To summarize the word vector story: Initially, some good guys at Standford invented GloVe, ran it over 6 billion tokens, and got a bunch of vectors. We then took these vectors, stuck them under 2 recurrent LSTM layers, and optimized them for generating clickbait. Finally we froze the vectors, and put them in a 3 LSTM layer architecture.
The network was trained with the Adam optimizer. I found this to be a Big Deal: It cut the training time almost in half, and found better optima, compared to using rmsprop with exponential decay. It’s possible that similar results could be obtained with rmsprop had I found a better learning and decay rate, but I’m very happy not having to do that tuning.
Building The Website
While many headlines produced from this model are good, some of them are rambling non-sense. To filter out the non-sense, we can do what Reddit does and crowd source the problem.
To this end, I created Click-o-Tron, possibly the first website in the world where all articles are written in their entirety by a Recurrent Neural Network. New articles are published every 20 minutes.
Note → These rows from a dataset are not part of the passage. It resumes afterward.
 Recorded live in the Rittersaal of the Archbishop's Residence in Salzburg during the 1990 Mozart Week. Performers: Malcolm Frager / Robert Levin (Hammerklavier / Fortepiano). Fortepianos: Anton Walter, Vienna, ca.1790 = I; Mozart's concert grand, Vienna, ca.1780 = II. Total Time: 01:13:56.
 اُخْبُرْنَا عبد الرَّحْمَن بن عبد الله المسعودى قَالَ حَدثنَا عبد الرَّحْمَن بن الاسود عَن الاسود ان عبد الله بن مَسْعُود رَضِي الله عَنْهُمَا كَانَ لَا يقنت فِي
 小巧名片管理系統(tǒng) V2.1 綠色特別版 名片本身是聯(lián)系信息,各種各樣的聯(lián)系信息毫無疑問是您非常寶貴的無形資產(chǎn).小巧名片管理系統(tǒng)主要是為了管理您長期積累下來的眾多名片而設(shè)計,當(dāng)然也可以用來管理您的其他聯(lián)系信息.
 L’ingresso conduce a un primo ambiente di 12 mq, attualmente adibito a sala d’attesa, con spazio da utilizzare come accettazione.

Any user can vote articles up and down. Each article gets an associated score determined by the number of votes and views the article has gotten. This score is then taken into account when ordering the front page. To get a trade-off between clickbaitiness and freshness, we can use the Hacker News algorithm:
In practice, this can look like the following in PostgreSQL:
CREATE FUNCTION hotness(articles) RETURNS double precision LANGUAGE sql STABLE AS $_$ SELECT $1.score / POW(1+EXTRACT(EPOCH FROM (NOW()-$1.publish_date))/(3*3600), 1.5) $_$;
The articles are a result of three seperate language models: One for the headlines, one for the article bodies, and one for the author name.
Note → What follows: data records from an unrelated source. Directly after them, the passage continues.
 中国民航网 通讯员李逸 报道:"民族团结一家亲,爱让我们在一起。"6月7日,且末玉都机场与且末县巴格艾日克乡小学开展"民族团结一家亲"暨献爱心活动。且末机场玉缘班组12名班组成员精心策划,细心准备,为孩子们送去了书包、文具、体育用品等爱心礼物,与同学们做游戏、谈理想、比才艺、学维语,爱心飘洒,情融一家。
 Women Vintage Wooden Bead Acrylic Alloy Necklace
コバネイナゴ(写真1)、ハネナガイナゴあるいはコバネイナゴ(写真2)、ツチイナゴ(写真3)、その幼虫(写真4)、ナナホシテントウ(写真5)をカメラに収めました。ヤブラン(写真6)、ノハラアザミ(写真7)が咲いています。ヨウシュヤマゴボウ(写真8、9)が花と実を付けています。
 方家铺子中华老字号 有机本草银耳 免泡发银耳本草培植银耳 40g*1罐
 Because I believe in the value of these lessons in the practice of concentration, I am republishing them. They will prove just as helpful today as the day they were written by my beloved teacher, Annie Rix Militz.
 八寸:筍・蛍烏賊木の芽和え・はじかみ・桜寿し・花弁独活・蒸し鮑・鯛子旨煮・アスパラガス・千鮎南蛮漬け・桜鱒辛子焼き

The article body neural network was seeded with the words from the headline, so that the body text has a chance to be thematically consistent with the headline. The headlines were not used during training.
For the author names, a character level LSTM-RNN was trained on a corpus of all first and last names in the US. It was then asked to produce a list of names. This list was then filtered so that the only remaining names were the ones where neither the first nor the last name was in the original corpus. This creates a nice list of plausible, yet original names, such as Flodrice Golpo and Richaldo Aariza.
Finally, each article’s picture is found by searching the Wikimedia API with the headline text, and selecting the images with a permissive license.
In total, this gives us an infinite source of useless journalism, available at no cost. If I remember correctly from economics class, this should drive the market value of useless journalism down to zero, forcing other producers of useless journalism to produce something else.